▶ SOURCE MATERIAL
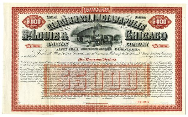 Indiana. $5,000 Specimen 4% Registered General 1st Mortgage Bond, Black print on red/brown border and under tint, Locomotive leaving station at top under company title, Specimen overprints and POC's, VF-XF condition, FBNC.
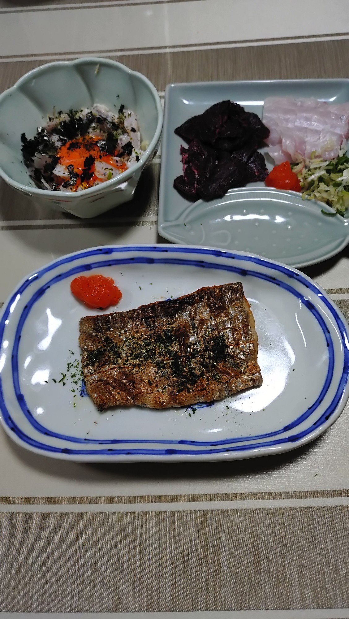 今期2回目の磯釣り釣行…2日目…南伊豆須崎沖磯へ、渡礁して潮の流れを見ると程よく磯際をかすめるいい感じの釣れそうな流れ、0ウキにノーガンで攻めるも上潮にウキが飛ばされている感じなので00ウキにチェンジしてストッパーの下へガン玉G5を1個付けるとウキのシモリ具合がベスト?な状態になり、寄せ餌と付けエサ(ウキ)のシモリ具合が同調すると中型のメジナ・イサキからダイレクトなライン引きのアタリが多数で磯竿を目一杯まげてのやり取りで昨日の鬱憤を晴らします。棚を下げすぎると歓迎しない他魚が多いので当日は竿1本前後をメインで攻めました。その後はメジナイサキ以外のお土産も欲しいので慣れないルアーロッドを片手にロックフィッシュ狙いへ、俗にいう直リグ(20g前後)にワームを付けてキャスト、海底ずる引きで強烈なひったくるアタリで釣れたのはお久しぶりの大型オオモンハタ45cm、その後もポツポツアタリがありアカハタ5匹キャッチ(小型はリリース)やってみると意外と楽しい高級魚ハタ狙いの磯ルアーオススメです!カンパチも食べたいのでメタルジグで狙いましたがこちらはアタリもありませんでした。
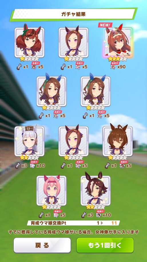 単発ウマ娘ガチャチケもあるけど、ガチャ画面貼るのだるいし石から回します
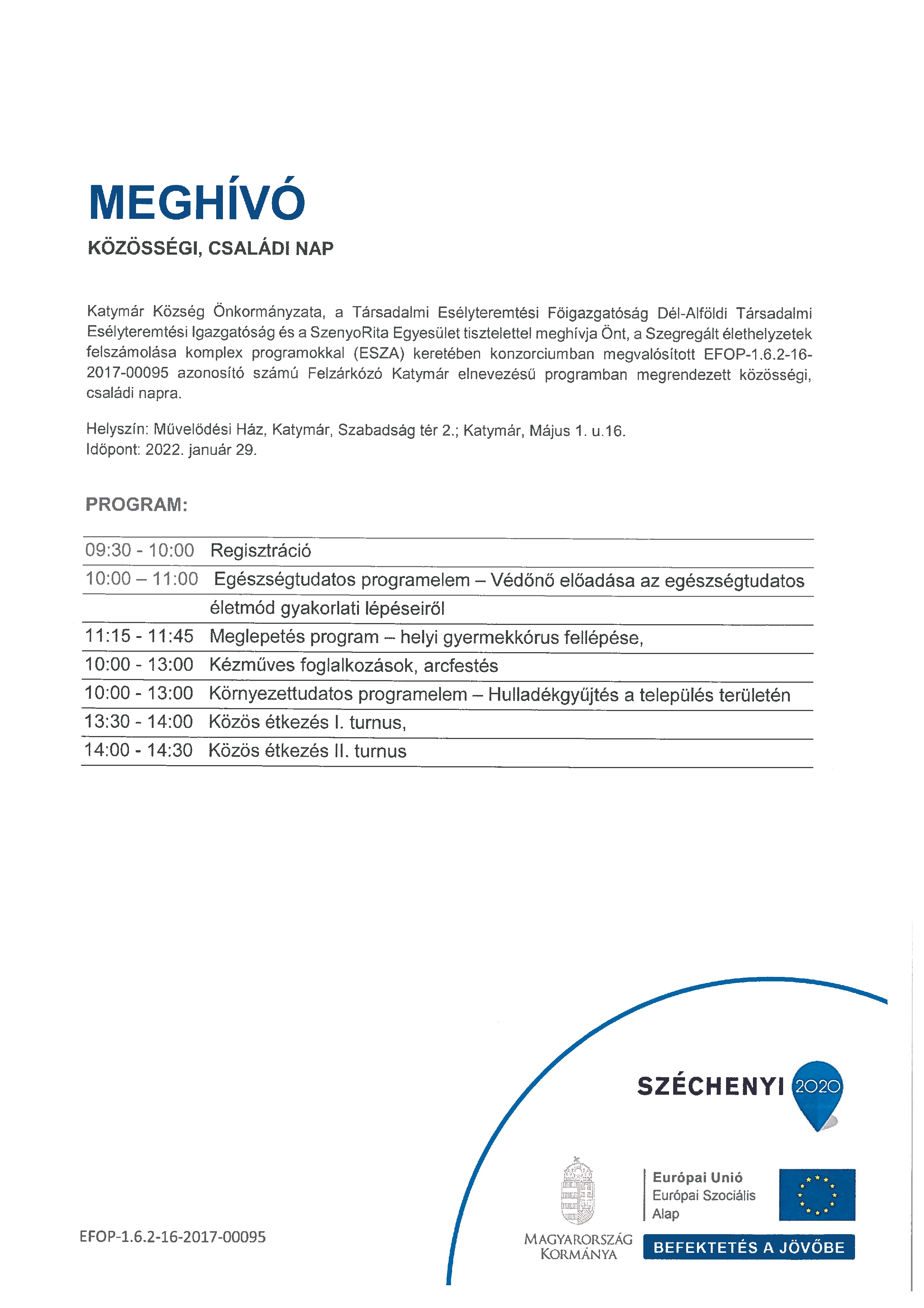 Másnap a Mindenki Karácsonya volt az Önkormányzat előtti téren. Igazi összefogással vendégeltük meg a falu apraja-nagyját. Volt zsíroskenyér, forralt bor, tea, sütemény, a Nyugdíjas Klub egy karácsonyi asztalnál látta vendégül az érdeklődőket, a Segítőház cipősdobozt és az Édes száj édességcsomagját osztotta. Lehetett játékok közül is válogatni. Nagyon kedves műsort adtak az ovisok, az iskola, a Nyugdíjas Klub és a Segítőház kórusa.

▶ WHAT YOU ARE ASKED TO DO
Restate the material word for word; no picture should appear in the copy.

▶ PROBLEM SOLUTION
 Indiana. $5,000 Specimen 4% Registered General 1st Mortgage Bond, Black print on red/brown border and under tint, Locomotive leaving station at top under company title, Specimen overprints and POC's, VF-XF condition, FBNC.
 今期2回目の磯釣り釣行…2日目…南伊豆須崎沖磯へ、渡礁して潮の流れを見ると程よく磯際をかすめるいい感じの釣れそうな流れ、0ウキにノーガンで攻めるも上潮にウキが飛ばされている感じなので00ウキにチェンジしてストッパーの下へガン玉G5を1個付けるとウキのシモリ具合がベスト?な状態になり、寄せ餌と付けエサ(ウキ)のシモリ具合が同調すると中型のメジナ・イサキからダイレクトなライン引きのアタリが多数で磯竿を目一杯まげてのやり取りで昨日の鬱憤を晴らします。棚を下げすぎると歓迎しない他魚が多いので当日は竿1本前後をメインで攻めました。その後はメジナイサキ以外のお土産も欲しいので慣れないルアーロッドを片手にロックフィッシュ狙いへ、俗にいう直リグ(20g前後)にワームを付けてキャスト、海底ずる引きで強烈なひったくるアタリで釣れたのはお久しぶりの大型オオモンハタ45cm、その後もポツポツアタリがありアカハタ5匹キャッチ(小型はリリース)やってみると意外と楽しい高級魚ハタ狙いの磯ルアーオススメです!カンパチも食べたいのでメタルジグで狙いましたがこちらはアタリもありませんでした。
 単発ウマ娘ガチャチケもあるけど、ガチャ画面貼るのだるいし石から回します
 Másnap a Mindenki Karácsonya volt az Önkormányzat előtti téren. Igazi összefogással vendégeltük meg a falu apraja-nagyját. Volt zsíroskenyér, forralt bor, tea, sütemény, a Nyugdíjas Klub egy karácsonyi asztalnál látta vendégül az érdeklődőket, a Segítőház cipősdobozt és az Édes száj édességcsomagját osztotta. Lehetett játékok közül is válogatni. Nagyon kedves műsort adtak az ovisok, az iskola, a Nyugdíjas Klub és a Segítőház kórusa.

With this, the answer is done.